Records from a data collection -

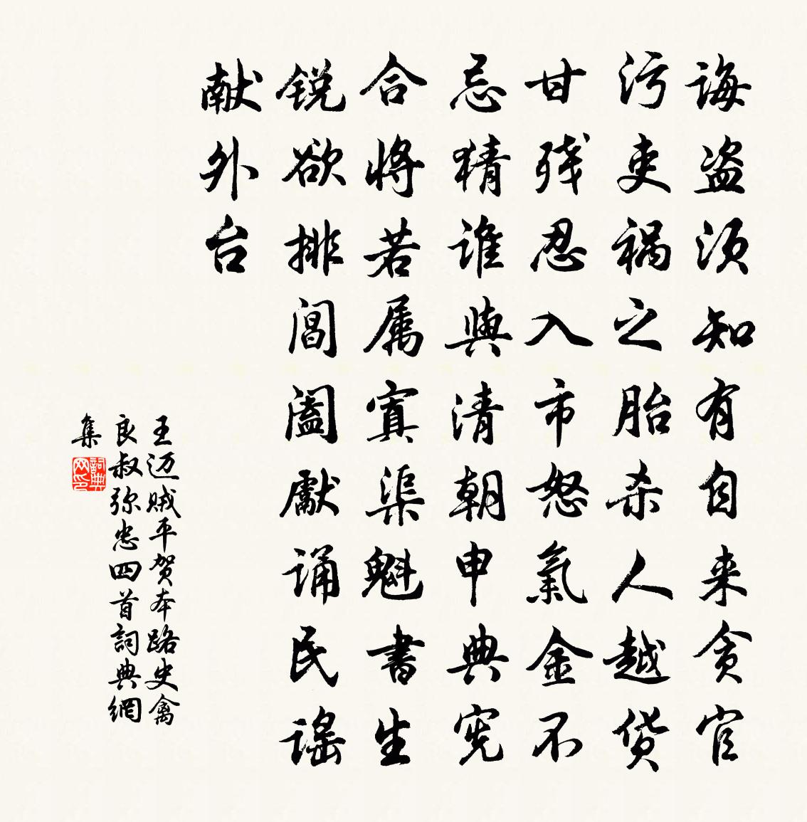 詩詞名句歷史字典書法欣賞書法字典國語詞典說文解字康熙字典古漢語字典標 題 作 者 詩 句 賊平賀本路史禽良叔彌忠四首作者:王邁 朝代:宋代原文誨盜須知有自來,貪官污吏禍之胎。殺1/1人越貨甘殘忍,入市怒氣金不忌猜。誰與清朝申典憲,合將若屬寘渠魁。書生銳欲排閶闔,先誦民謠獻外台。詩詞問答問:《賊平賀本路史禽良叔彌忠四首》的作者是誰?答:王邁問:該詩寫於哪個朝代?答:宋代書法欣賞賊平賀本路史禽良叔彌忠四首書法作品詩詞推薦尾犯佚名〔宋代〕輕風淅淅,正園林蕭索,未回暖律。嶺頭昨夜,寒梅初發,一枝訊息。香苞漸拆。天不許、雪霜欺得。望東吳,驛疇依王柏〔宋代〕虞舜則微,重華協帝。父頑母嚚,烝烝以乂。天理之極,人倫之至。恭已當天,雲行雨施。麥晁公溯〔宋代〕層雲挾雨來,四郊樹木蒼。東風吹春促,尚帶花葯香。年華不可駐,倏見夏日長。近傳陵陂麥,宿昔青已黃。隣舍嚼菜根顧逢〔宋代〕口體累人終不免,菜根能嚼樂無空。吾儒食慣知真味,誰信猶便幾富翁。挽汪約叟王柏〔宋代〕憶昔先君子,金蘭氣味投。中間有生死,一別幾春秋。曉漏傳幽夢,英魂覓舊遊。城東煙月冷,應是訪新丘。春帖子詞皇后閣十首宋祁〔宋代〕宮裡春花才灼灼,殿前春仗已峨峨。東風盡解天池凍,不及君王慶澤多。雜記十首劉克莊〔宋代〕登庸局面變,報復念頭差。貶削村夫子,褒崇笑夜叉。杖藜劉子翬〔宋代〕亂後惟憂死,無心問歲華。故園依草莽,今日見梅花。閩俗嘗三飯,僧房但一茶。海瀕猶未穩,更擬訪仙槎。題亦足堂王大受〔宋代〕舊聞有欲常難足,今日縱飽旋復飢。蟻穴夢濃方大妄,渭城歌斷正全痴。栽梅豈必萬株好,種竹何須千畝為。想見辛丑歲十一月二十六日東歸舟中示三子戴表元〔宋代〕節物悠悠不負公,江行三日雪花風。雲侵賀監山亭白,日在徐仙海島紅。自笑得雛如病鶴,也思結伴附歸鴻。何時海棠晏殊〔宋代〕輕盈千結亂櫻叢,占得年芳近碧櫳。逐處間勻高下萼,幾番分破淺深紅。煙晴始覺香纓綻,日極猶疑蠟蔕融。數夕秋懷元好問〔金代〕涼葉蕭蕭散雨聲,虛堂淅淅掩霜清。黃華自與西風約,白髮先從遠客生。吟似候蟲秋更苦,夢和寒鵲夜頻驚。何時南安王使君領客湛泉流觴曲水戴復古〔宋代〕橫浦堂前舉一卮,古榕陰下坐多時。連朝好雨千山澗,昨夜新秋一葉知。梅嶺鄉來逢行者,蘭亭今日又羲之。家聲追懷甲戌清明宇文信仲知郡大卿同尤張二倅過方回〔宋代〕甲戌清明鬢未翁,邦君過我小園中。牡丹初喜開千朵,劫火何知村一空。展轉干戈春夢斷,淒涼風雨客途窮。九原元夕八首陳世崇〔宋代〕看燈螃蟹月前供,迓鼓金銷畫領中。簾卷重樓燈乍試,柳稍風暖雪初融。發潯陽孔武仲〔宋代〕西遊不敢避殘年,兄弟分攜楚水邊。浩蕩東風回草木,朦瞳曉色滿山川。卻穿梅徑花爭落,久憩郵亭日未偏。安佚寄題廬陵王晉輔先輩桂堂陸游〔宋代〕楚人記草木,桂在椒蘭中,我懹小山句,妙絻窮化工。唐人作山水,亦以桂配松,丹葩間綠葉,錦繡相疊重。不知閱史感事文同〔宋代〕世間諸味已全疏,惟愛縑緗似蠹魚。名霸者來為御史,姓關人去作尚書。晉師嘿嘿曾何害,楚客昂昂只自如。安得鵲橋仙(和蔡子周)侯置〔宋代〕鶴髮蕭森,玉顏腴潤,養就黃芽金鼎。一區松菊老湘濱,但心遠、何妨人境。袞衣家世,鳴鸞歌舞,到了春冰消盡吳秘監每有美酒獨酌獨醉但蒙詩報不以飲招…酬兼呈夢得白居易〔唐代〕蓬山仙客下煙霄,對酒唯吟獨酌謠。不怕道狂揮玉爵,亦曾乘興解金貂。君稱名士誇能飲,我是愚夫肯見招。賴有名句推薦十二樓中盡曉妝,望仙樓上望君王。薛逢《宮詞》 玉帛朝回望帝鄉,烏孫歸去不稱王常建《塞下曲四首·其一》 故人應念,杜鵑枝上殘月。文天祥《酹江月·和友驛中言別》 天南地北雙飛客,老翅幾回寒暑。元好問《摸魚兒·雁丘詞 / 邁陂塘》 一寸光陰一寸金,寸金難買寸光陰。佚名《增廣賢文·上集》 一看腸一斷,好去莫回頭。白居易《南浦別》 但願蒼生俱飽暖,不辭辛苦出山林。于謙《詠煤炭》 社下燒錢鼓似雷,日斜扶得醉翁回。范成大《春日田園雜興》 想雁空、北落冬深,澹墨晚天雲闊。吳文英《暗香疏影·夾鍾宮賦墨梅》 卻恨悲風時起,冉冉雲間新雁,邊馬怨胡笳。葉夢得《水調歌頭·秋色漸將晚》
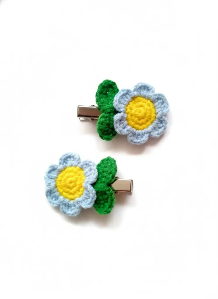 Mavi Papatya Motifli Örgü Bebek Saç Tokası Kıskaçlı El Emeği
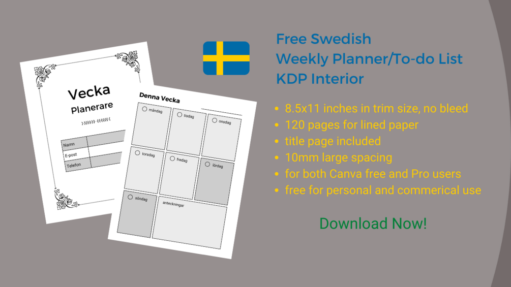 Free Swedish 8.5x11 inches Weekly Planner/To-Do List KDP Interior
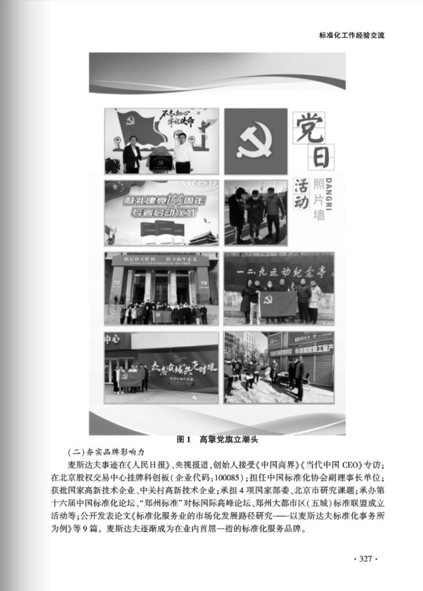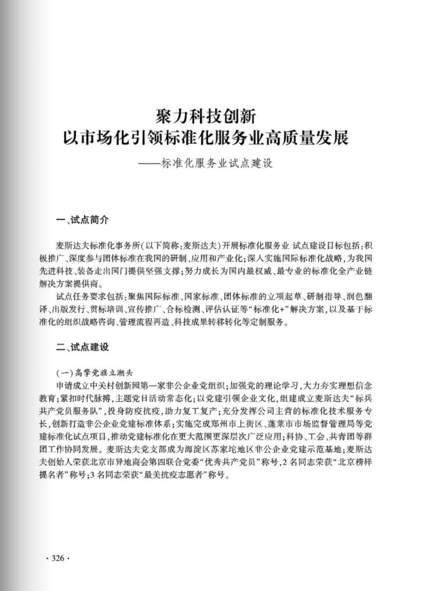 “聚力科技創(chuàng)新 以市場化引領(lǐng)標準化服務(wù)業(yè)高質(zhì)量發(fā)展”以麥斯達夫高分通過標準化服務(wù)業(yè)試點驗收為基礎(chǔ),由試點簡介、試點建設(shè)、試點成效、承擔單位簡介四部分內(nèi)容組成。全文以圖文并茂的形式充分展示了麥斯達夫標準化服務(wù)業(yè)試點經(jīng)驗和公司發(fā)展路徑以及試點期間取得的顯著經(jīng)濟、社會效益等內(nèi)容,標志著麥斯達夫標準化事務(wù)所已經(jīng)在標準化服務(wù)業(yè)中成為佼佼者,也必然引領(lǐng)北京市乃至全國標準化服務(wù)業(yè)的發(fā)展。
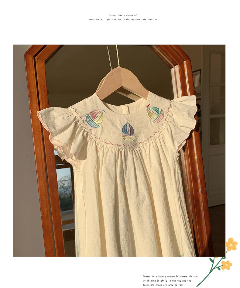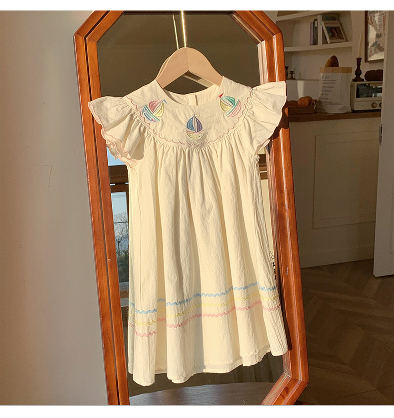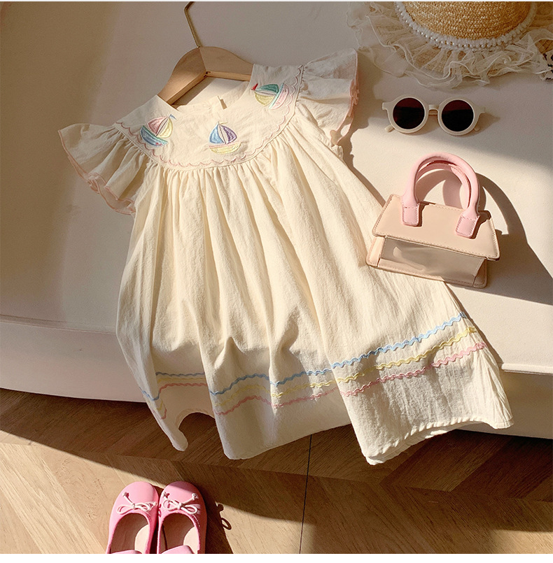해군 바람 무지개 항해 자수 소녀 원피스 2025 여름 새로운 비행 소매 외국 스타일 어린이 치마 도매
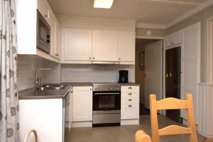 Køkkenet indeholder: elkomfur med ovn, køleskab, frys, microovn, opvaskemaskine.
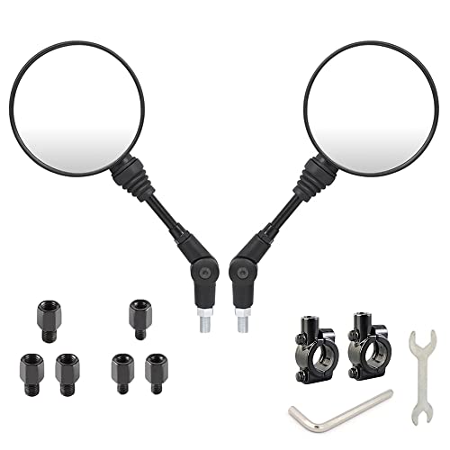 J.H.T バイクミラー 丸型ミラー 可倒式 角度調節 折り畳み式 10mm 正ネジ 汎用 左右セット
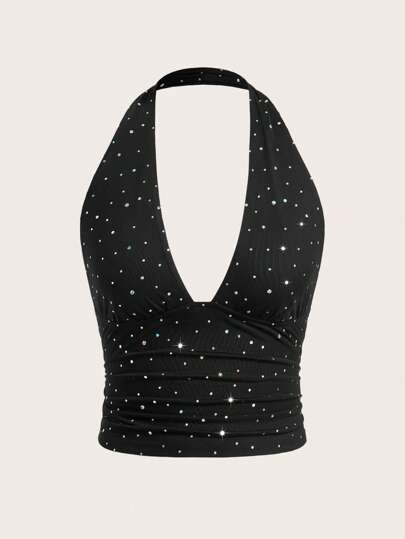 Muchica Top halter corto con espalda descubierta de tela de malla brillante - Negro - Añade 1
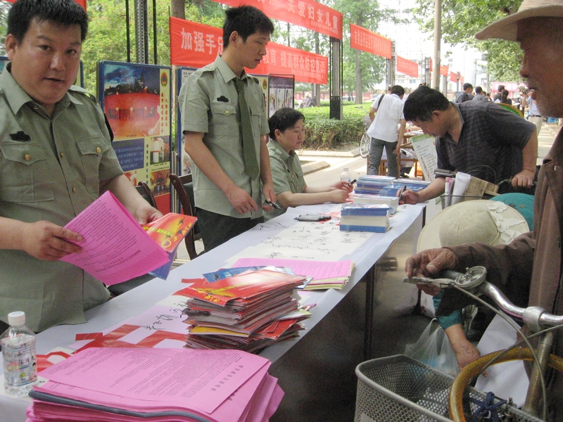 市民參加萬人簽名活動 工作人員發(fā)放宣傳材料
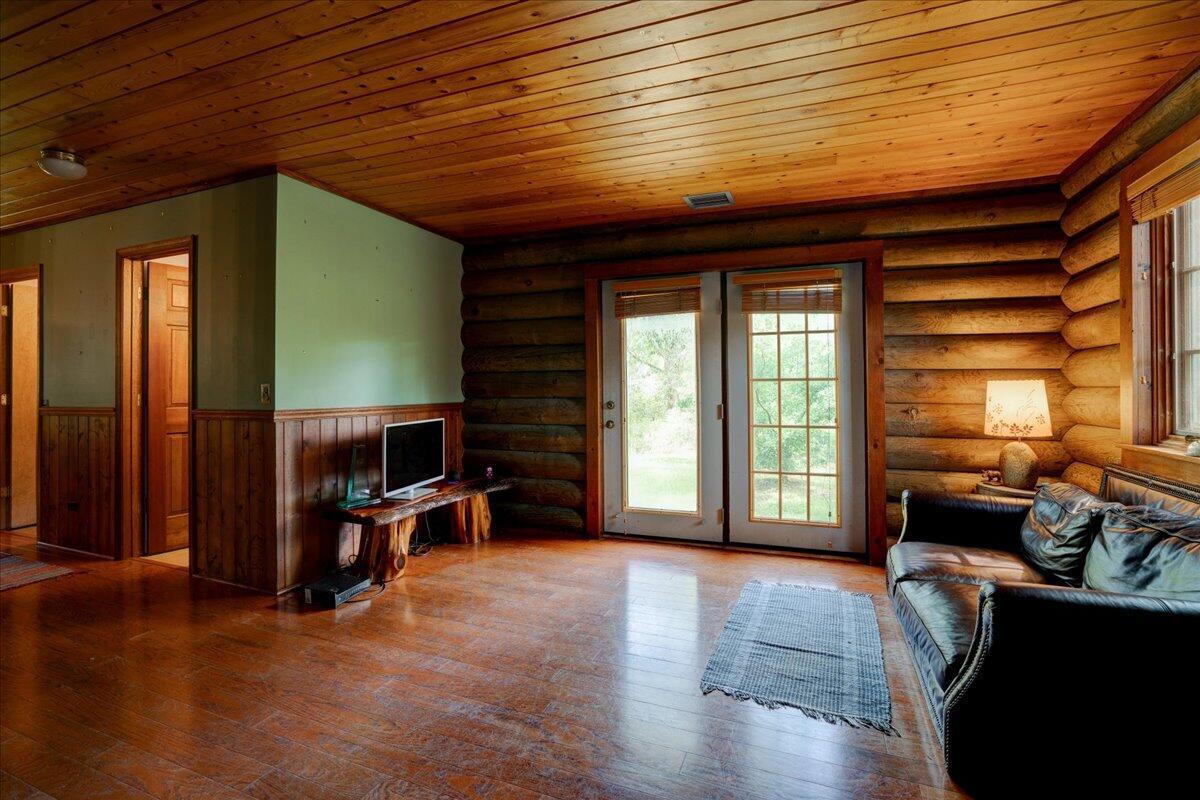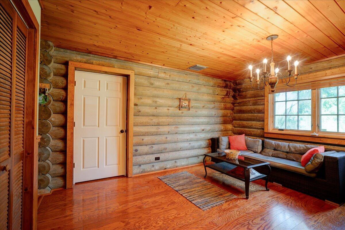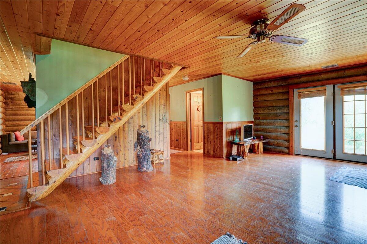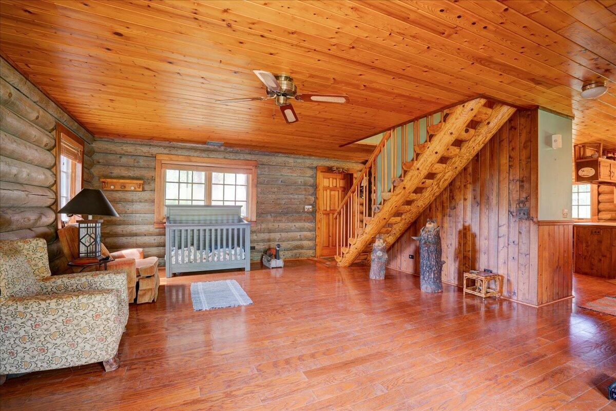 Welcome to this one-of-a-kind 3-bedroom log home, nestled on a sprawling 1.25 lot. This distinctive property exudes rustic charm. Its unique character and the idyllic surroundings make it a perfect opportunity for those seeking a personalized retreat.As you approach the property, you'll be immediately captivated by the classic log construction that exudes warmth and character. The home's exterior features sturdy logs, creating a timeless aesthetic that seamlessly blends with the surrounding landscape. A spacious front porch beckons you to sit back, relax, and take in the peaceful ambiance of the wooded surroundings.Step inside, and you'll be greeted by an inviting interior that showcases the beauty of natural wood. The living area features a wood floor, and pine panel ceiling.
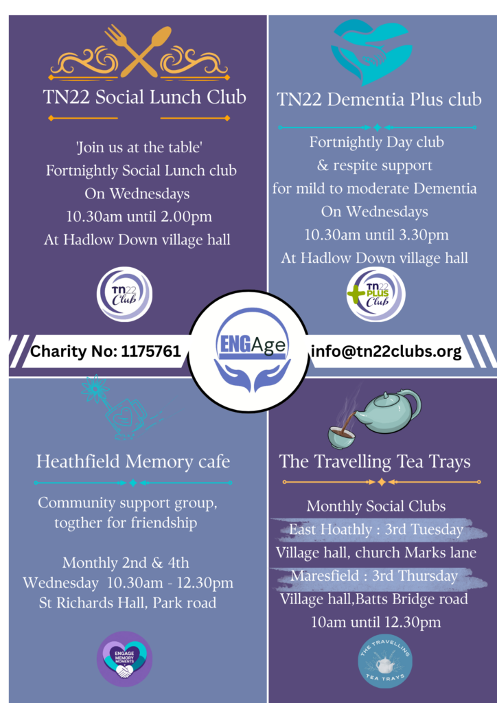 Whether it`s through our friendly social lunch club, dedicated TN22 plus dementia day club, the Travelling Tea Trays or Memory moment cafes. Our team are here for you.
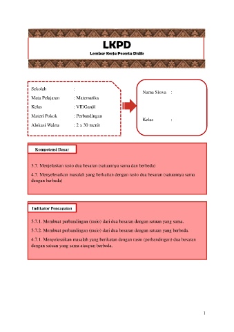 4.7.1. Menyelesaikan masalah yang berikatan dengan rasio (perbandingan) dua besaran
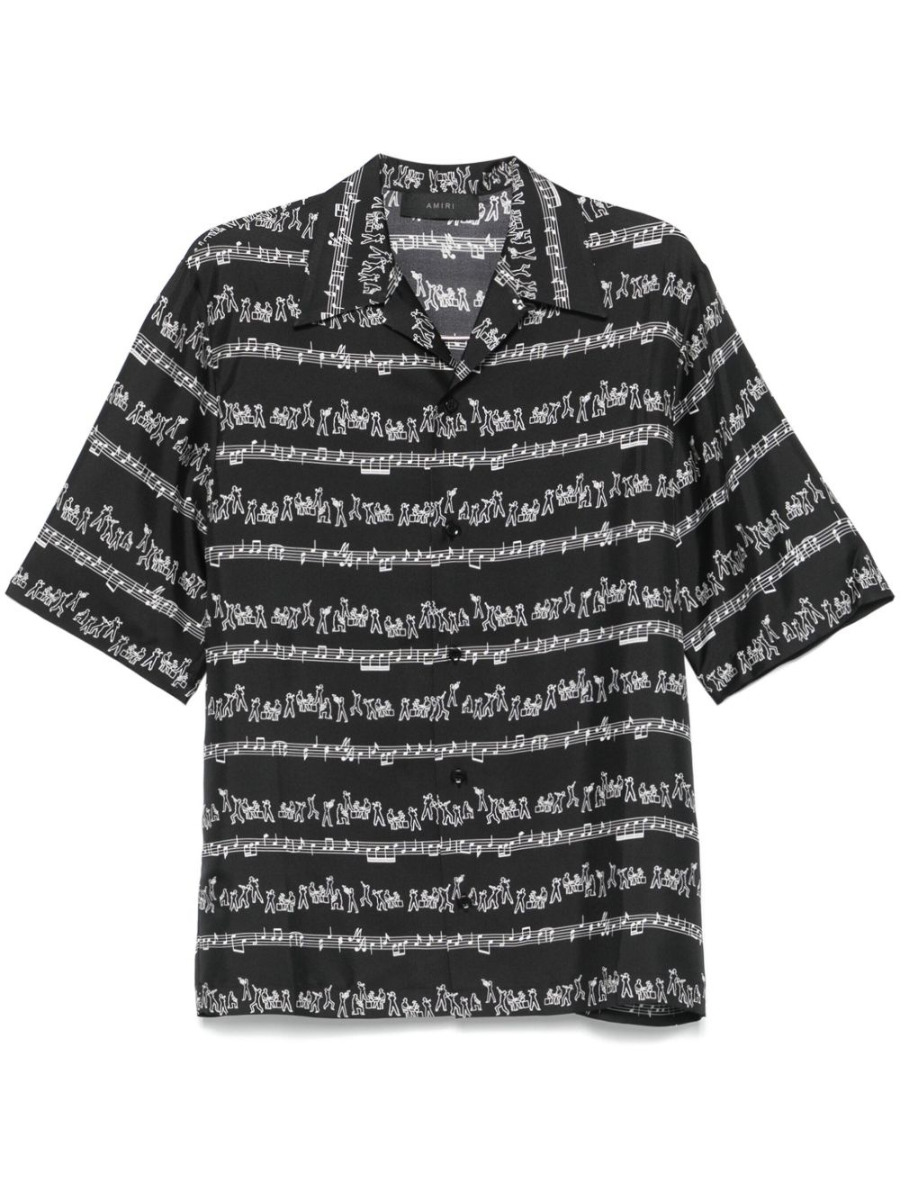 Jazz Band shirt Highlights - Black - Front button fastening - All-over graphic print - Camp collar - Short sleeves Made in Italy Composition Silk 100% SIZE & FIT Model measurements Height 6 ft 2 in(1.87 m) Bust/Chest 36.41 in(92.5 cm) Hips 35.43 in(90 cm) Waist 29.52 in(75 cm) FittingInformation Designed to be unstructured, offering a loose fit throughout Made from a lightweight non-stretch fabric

TASK PROMPT - Repeat the lines above exactly, beginning with the one containing "Free Swedish 8.5x11" and finishing with the one containing "市民參加萬人簽名活動 工作人員發(fā)放宣傳材料". No pictures belong in the copy.

ANSWER -
 Free Swedish 8.5x11 inches Weekly Planner/To-Do List KDP Interior
 “聚力科技創(chuàng)新 以市場化引領(lǐng)標準化服務(wù)業(yè)高質(zhì)量發(fā)展”以麥斯達夫高分通過標準化服務(wù)業(yè)試點驗收為基礎(chǔ),由試點簡介、試點建設(shè)、試點成效、承擔單位簡介四部分內(nèi)容組成。全文以圖文并茂的形式充分展示了麥斯達夫標準化服務(wù)業(yè)試點經(jīng)驗和公司發(fā)展路徑以及試點期間取得的顯著經(jīng)濟、社會效益等內(nèi)容,標志著麥斯達夫標準化事務(wù)所已經(jīng)在標準化服務(wù)業(yè)中成為佼佼者,也必然引領(lǐng)北京市乃至全國標準化服務(wù)業(yè)的發(fā)展。
해군 바람 무지개 항해 자수 소녀 원피스 2025 여름 새로운 비행 소매 외국 스타일 어린이 치마 도매
 Køkkenet indeholder: elkomfur med ovn, køleskab, frys, microovn, opvaskemaskine.
 J.H.T バイクミラー 丸型ミラー 可倒式 角度調節 折り畳み式 10mm 正ネジ 汎用 左右セット
 Muchica Top halter corto con espalda descubierta de tela de malla brillante - Negro - Añade 1
 市民參加萬人簽名活動 工作人員發(fā)放宣傳材料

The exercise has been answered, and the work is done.